Titó Caveira, o nome do homem, ou apelido do maior jagunço que a desdita do mundo já fez pisar naquelas brenhas matutas. Ali uma terra de jagunços, de assassinos frios e covardes, mas nenhum igual àquele que acendia o cigarro com fogo de espoleta. Jagunço da malhada do Coronel Querêncio Lavandeira, dizem que vivia resguardado para os trabalhos mais perigosos e com vítima cuidadosamente escolhida entre os tantos desafetos do poderoso patrão.
Como eu sabia de tudo isso? Ora, enquanto meu avô e amigos proseavam sobre tais assuntos nas noites de lua cheia, eu fingia estar brincando de ponta de vaca só para ouvir sobre as desgraceiras encomendadas pelos poderosos sertões adentro. Todo mundo temia o ferro e o fogo coronelista, mas no pé de prosa nenhum se salvava dos impropérios e amaldiçoamentos. Foi assim que desde novinho já conhecia o festim de malvadezas dos coronéis da região.
E dali também a fama de Titó Caveira, que por sinal se preparava para mais uma empreitada sangrenta. Só podia ser, pois armado daquele jeito não estava atrás do meu azulão. Mas quem seria sua vítima e por que ali? Esforcei-me para divisar ao redor e consegui avistar uma estrada de terra batida, daquelas abertas a facão e foice no meio da mataria. Mas em seguida também avistei o jagunço espantar o cavalo e este sumir no meio do mundo num galope só. Mas certamente não ia muito distante, pois depois bastaria um assobio para ele riscar no pé de seu dono.
Agora sozinho, o jagunço preparou as armas, certificando-se de que tudo estava a contento, e depois procurou refugiar-se detrás de um emaranhado de folhas, cipós e galhos. Logo imaginei o que aconteceria dali em diante. A tocaia estava feita, restava apenas esperar o desafeto do coronel passar por ali, vindo a galope pela estradinha, e assim que estivesse ao alcance da mira do matador, então o tiro certeiro e mortal seria dado. É assim que faz todo jagunço na sua lide cruel e assassina. É para ser assim que ordena o coronel dono do mundo e de vidas, fazendo tombar num açoite qualquer um que atrapalhe seus planos. Ou até mesmo inocentes que outra coisa não possuem senão um pedacinho de terra. Só que nas vizinhanças das terras do poderoso.

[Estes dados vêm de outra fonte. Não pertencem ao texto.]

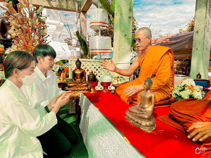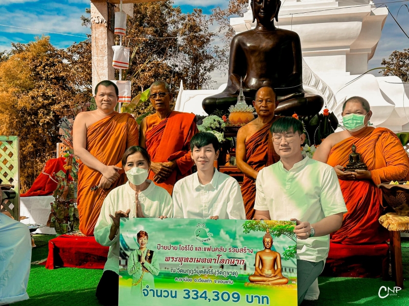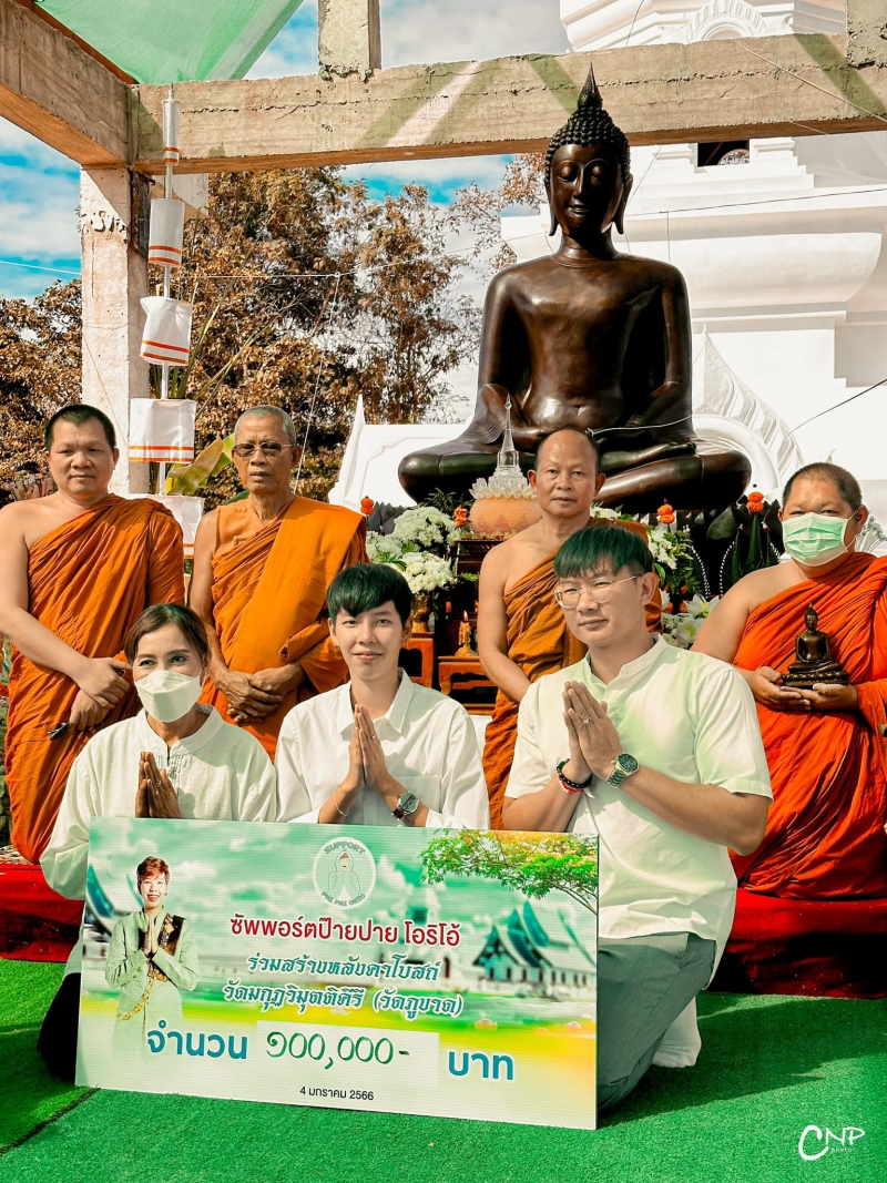 โดยป๊ายปายระบุว่า "เนื่องในวันขึ้นปีใหม่ ปี ๒๕๖๖ ป๊ายปายโอริโอ้ และแฟนคลับ ร่วมสร้างหลังคาโบสถ์ ร่วมสร้างพระพุทธเมตตาโลกนาถประดิษฐานเป็นองค์ประธาน ณ พระอุโบสถวัดมกุฎวิมุตติคีรี (วัดภูขาด)ต.เขาน้อย อ.เวียงเก่า จ.ขอนแก่น สาธุ สร้างพระเนื้อสำริด ขอให้สัมฤทธิ์สำเร็จสมเจตนาประสงค์ จงทุกประการ เ ท อ ญสาธุ สาธุ สาธุ"

Eu já não suportava permanecer naquele local nem naquela posição. O corpo todo doía, os cortes e os machucões pareciam dilacerar toda a pele. Além disso, umas malditas mutucas apareceram para piorar ainda mais aquela situação. Mas também não podia sair. O Caveira estava do outro lado com a arma em mira e não pensaria duas vezes em atirar numa pessoa que avistasse correndo. Não havia o que fazer. Então ouvi um galope distante. E quanto mais se aproximava mais eu parecia ouvir o tiro e o baque do desditado caindo da sela e rolando pelo chão. Foi quando divisei o cavalo alazão e em cima dele o Coronel Querêncio Lavandeira.
Mas não pode ser, logo imaginei. Se ali é o coronel, então o jagunço tocaiou para matar o patrão. E de repente um terrível disparo. Apenas um, mas suficiente para que o corpo do Caveira, o jagunço, fosse arremessado no meio da estrada. Outro jagunço, conhecendo de antemão o preparo da emboscada, seguiu no encalço do matador para impedir seu desfecho. E também assumir o posto de protetor e líder entre os jagunços.
Diante da cena, o coronel apenas cuspiu por cima do morto e seguiu adiante, galopando lentamente. Enquanto isso o outro jagunço cortava a cabeça do famoso matador para levar o troféu e espalhar a história pelos sertões nordestinos. Quanto a mim, por muitos anos silenciei sobre tudo. Mas agora conto tudo aos amigos de proseado e sei que meu neto está ouvindo enquanto finge brincar de ponta de vaca.